Supplied entries ▸
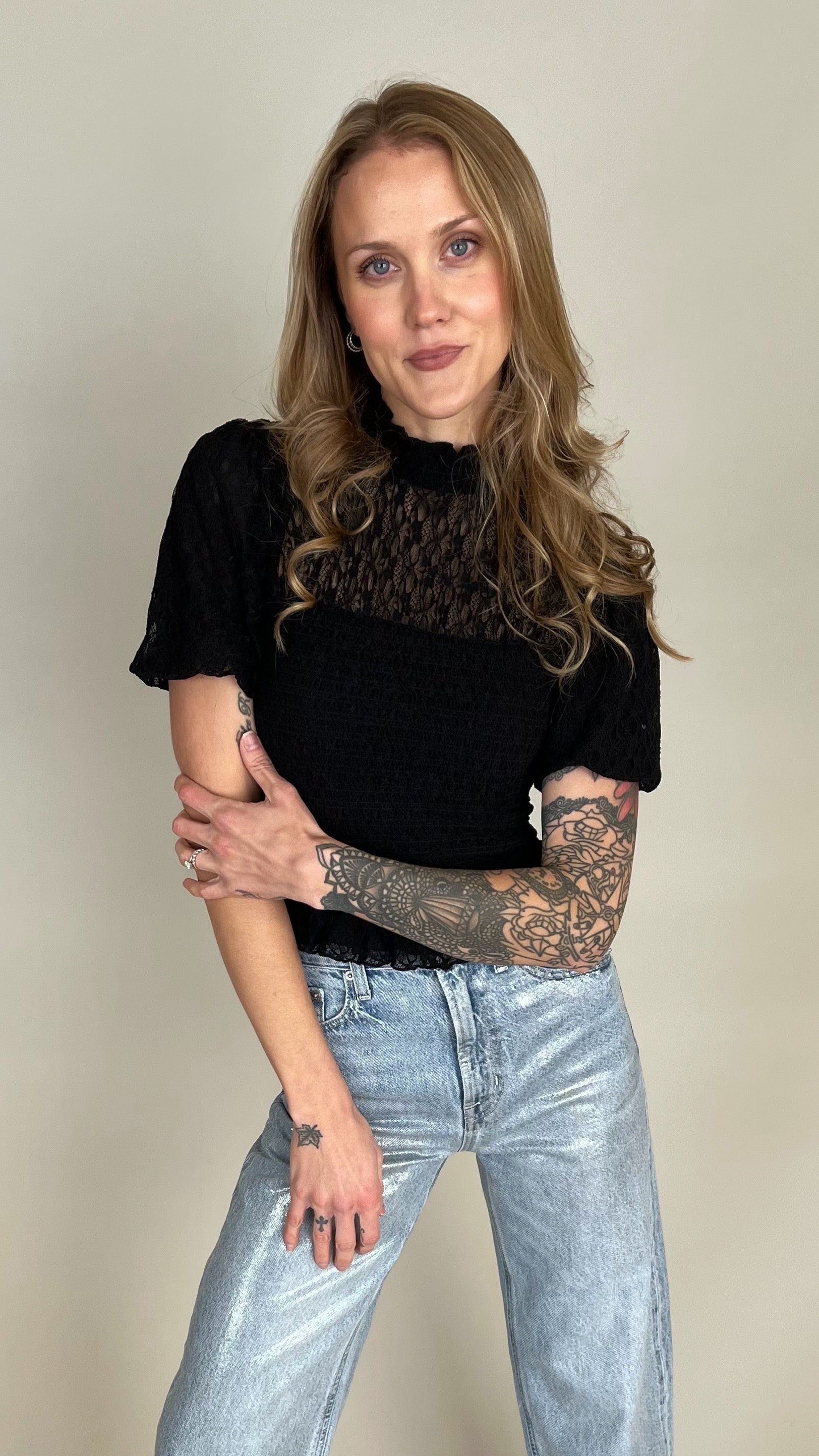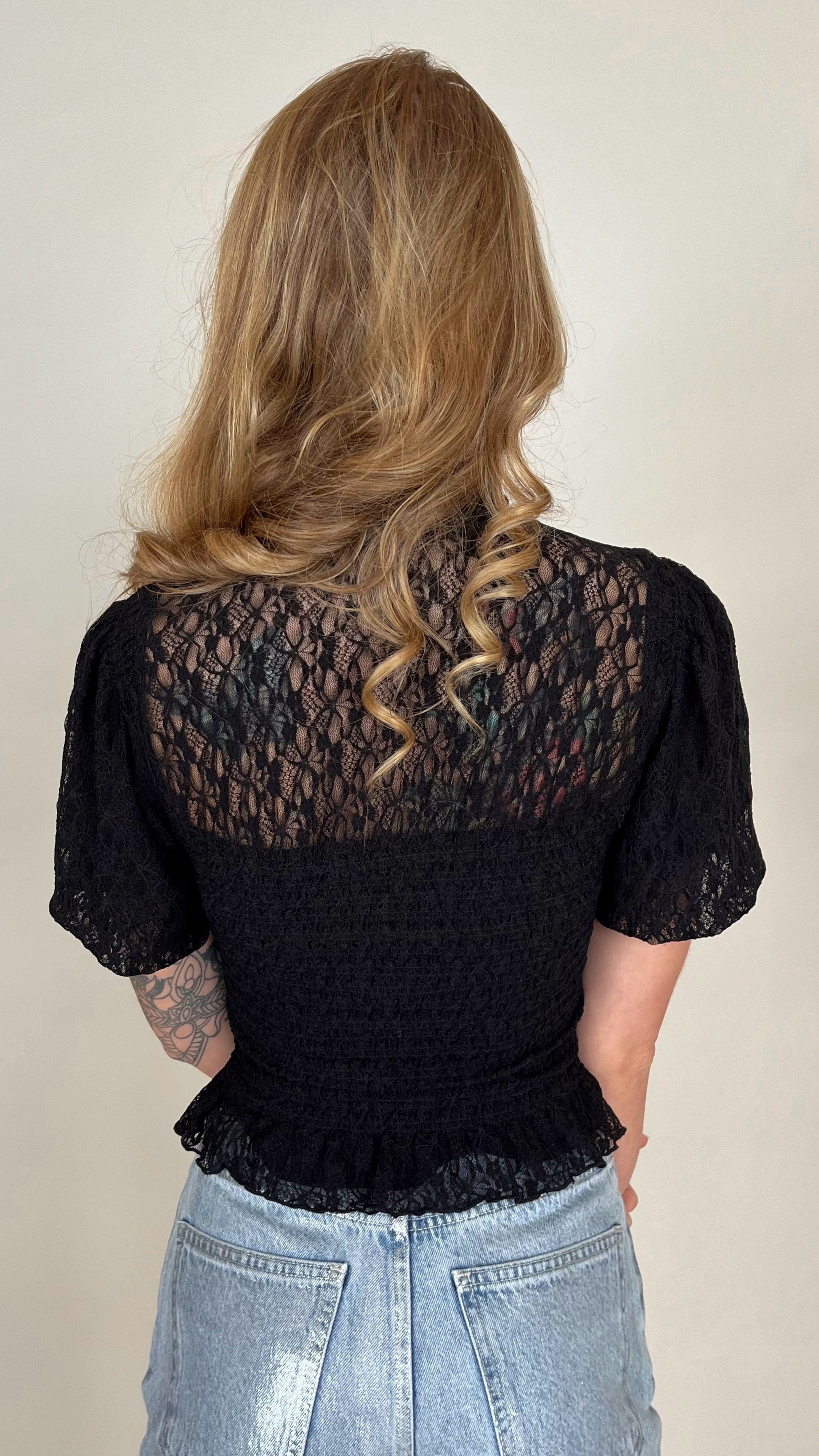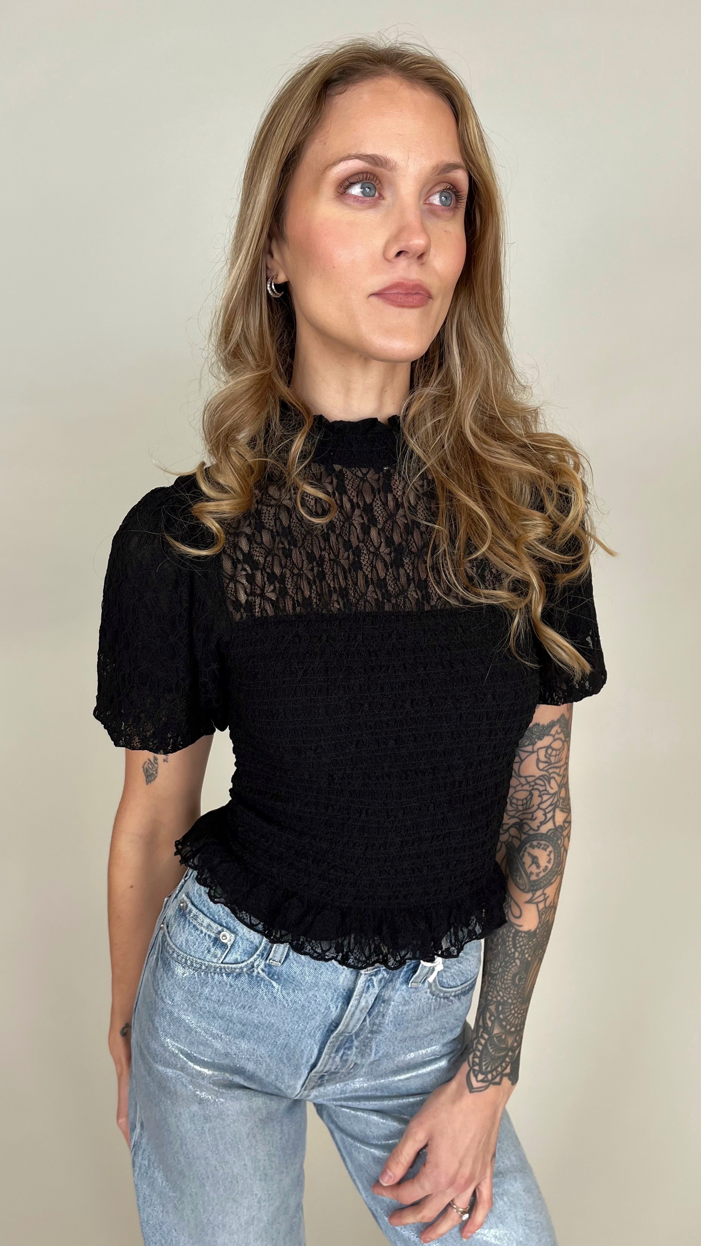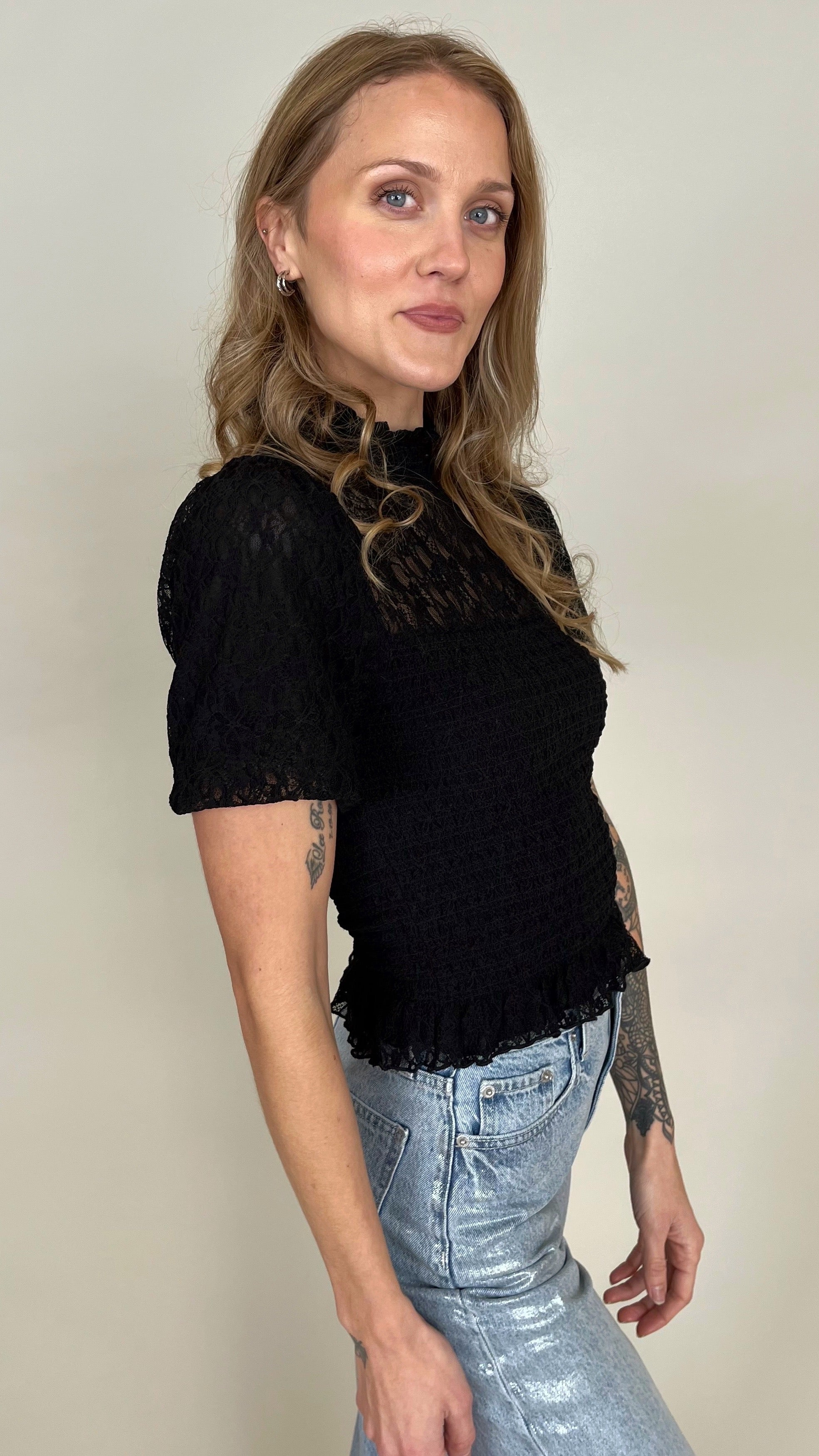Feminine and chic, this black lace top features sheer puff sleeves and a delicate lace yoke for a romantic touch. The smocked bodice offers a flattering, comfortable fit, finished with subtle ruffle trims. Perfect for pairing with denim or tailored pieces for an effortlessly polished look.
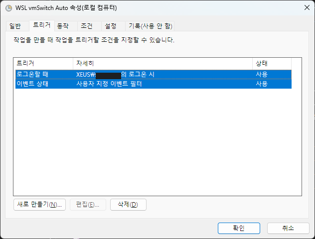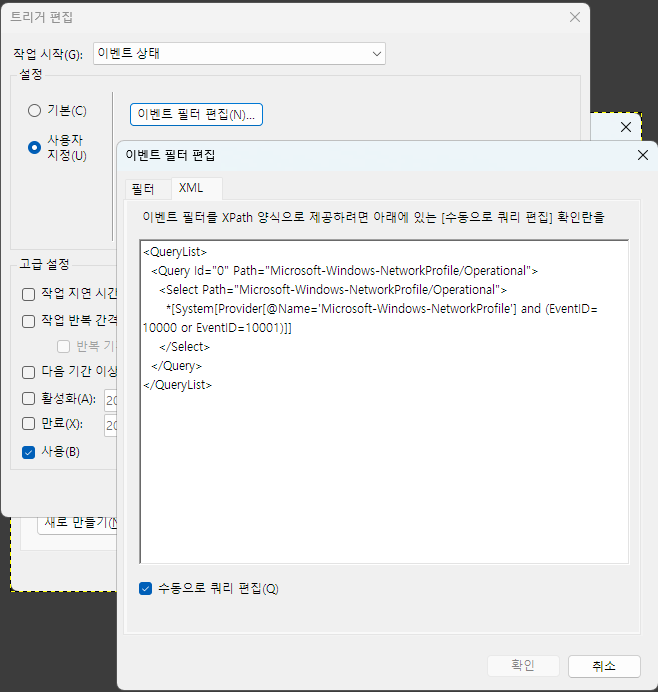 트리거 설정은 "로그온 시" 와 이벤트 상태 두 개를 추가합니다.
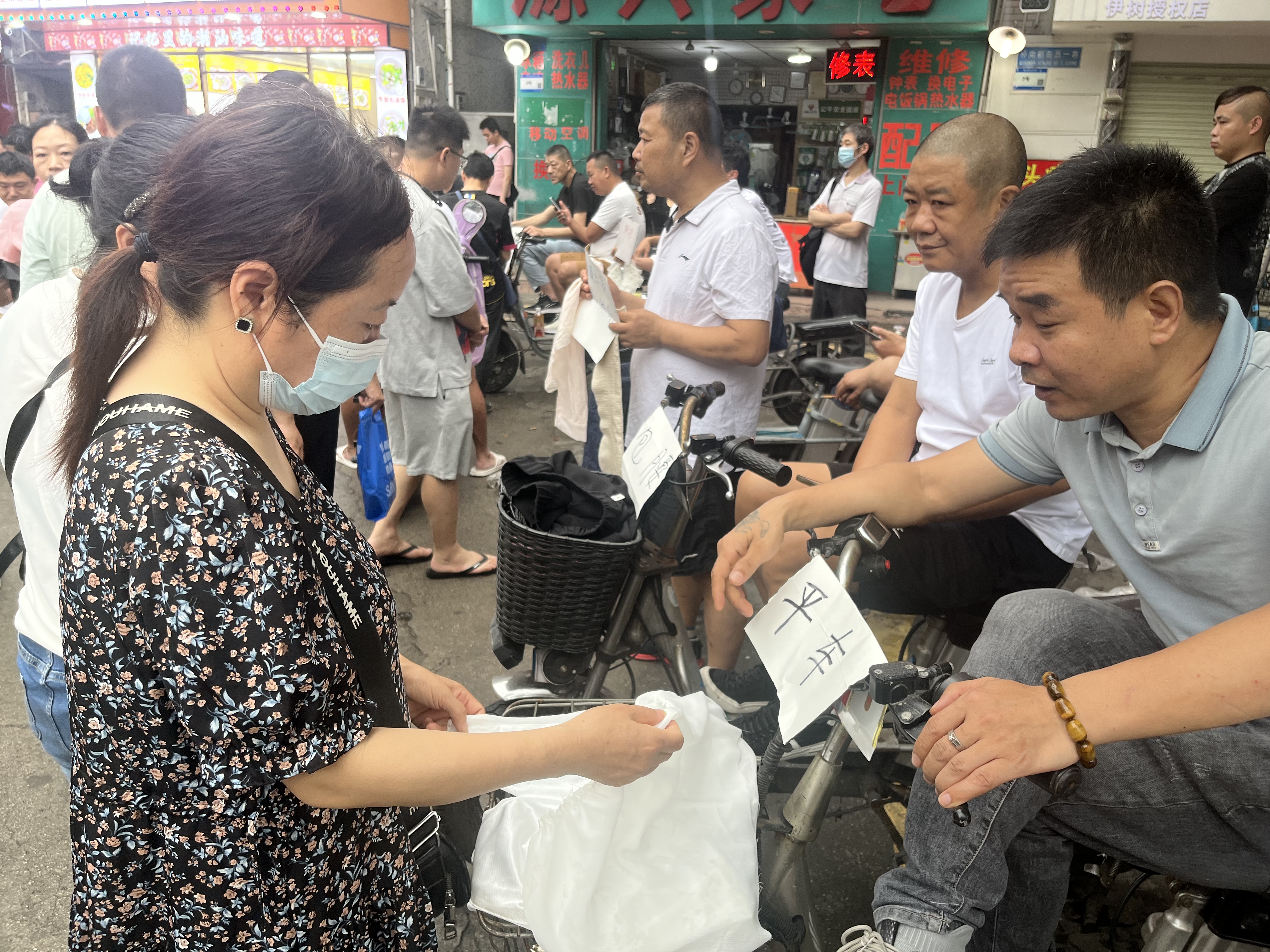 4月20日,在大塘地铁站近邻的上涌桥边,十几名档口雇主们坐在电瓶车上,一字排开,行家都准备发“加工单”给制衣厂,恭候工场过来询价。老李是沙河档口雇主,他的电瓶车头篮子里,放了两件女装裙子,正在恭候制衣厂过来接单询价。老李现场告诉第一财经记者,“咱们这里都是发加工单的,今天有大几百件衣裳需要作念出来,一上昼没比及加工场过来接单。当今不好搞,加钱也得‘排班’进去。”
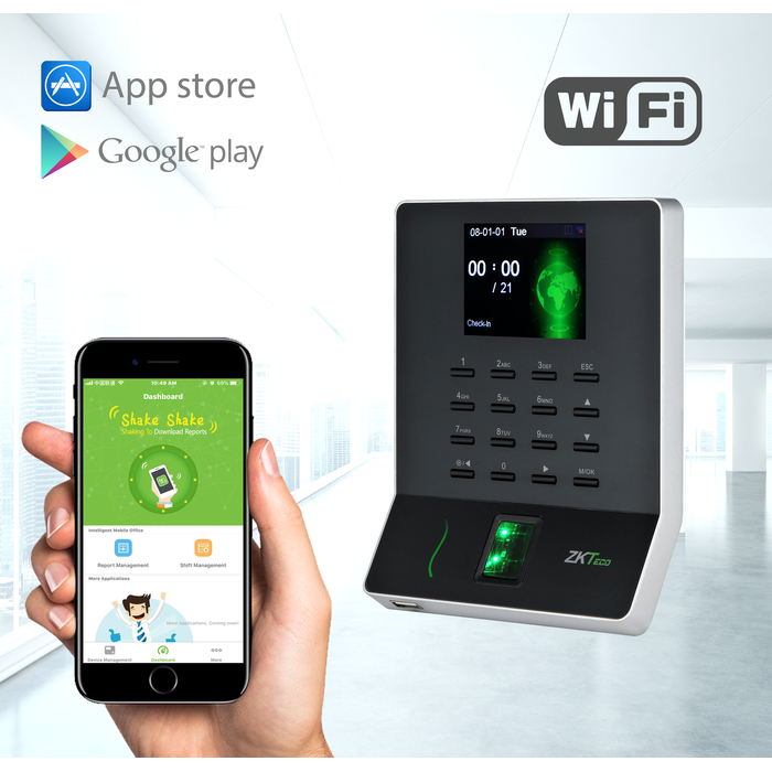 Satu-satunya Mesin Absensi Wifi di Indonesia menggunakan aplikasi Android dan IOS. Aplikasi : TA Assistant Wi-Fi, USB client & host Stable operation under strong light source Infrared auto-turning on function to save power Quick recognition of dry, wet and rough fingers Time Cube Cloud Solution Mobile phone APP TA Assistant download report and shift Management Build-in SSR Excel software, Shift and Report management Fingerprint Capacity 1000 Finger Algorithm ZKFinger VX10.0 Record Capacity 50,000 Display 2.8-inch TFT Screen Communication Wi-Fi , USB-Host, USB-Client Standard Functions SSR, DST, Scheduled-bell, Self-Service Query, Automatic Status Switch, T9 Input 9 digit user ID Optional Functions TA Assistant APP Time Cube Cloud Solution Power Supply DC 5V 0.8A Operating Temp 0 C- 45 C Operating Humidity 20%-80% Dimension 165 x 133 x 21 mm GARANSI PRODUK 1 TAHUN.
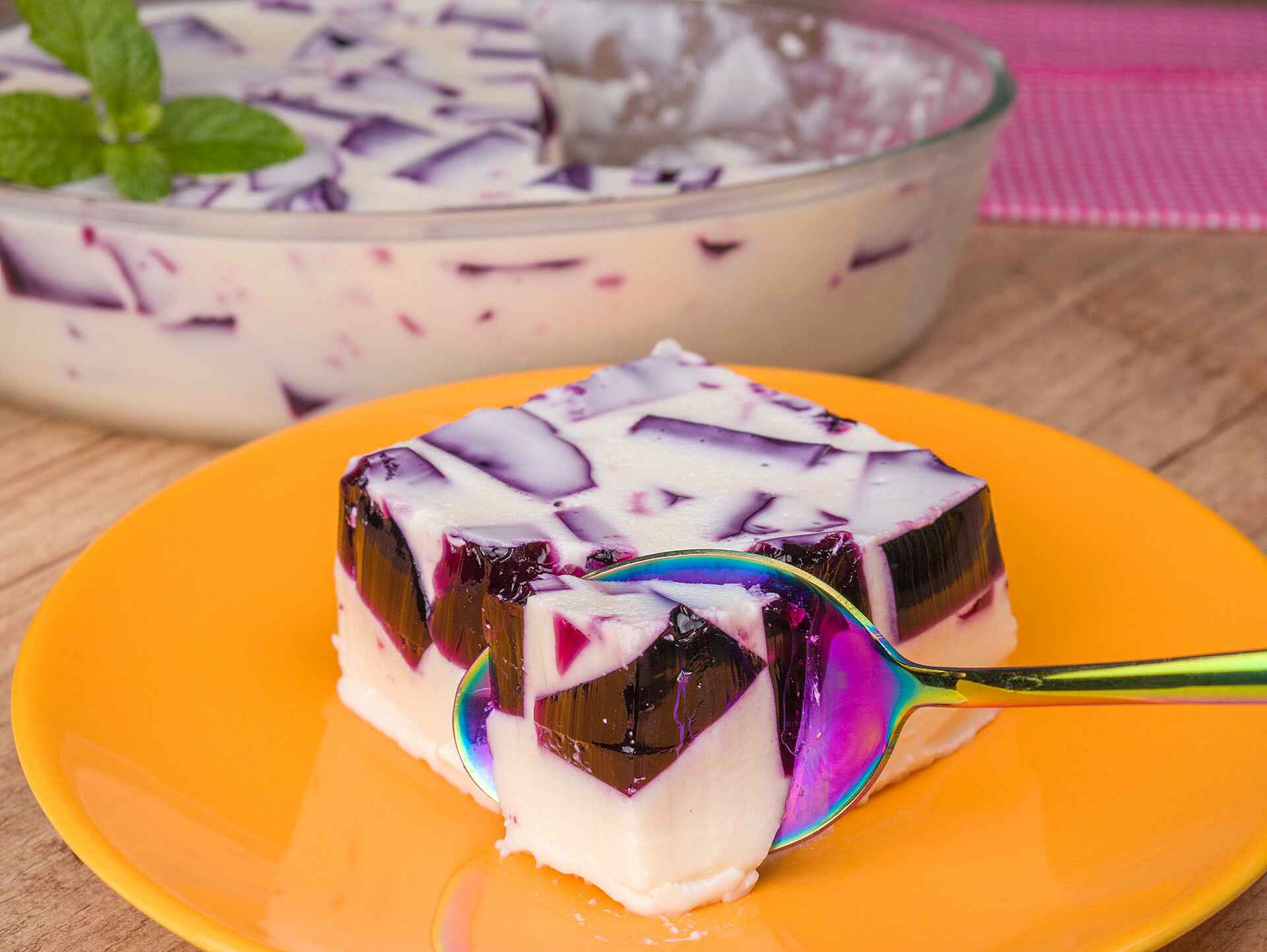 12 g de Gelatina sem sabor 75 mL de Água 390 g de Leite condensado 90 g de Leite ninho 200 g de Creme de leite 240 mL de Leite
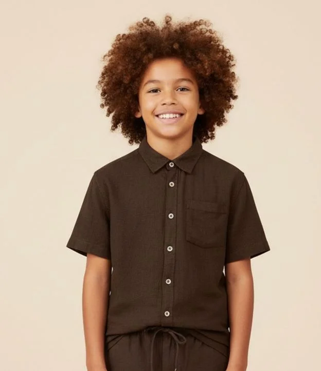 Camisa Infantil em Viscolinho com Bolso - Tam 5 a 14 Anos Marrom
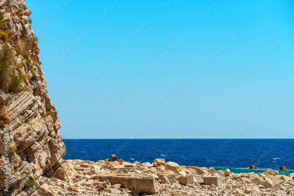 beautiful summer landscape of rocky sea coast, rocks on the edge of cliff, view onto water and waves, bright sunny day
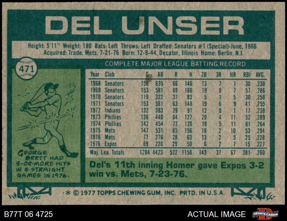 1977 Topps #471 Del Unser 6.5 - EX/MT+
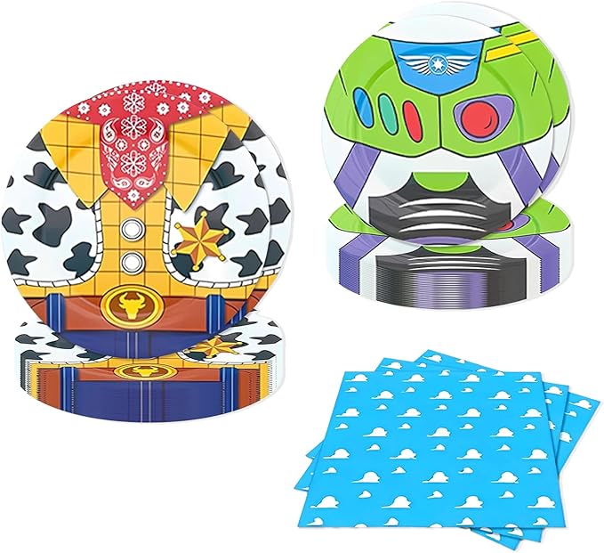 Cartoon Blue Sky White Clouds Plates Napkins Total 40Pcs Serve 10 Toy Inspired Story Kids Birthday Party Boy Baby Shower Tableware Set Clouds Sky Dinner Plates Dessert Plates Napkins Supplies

Your instructions ▸
The expected output is an exact copy of the lines from the one with "beautiful summer landscape" to the final line of the entries above, pictures excepted; please include both ends.

Answer ▸
 beautiful summer landscape of rocky sea coast, rocks on the edge of cliff, view onto water and waves, bright sunny day
 1977 Topps #471 Del Unser 6.5 - EX/MT+
 Cartoon Blue Sky White Clouds Plates Napkins Total 40Pcs Serve 10 Toy Inspired Story Kids Birthday Party Boy Baby Shower Tableware Set Clouds Sky Dinner Plates Dessert Plates Napkins Supplies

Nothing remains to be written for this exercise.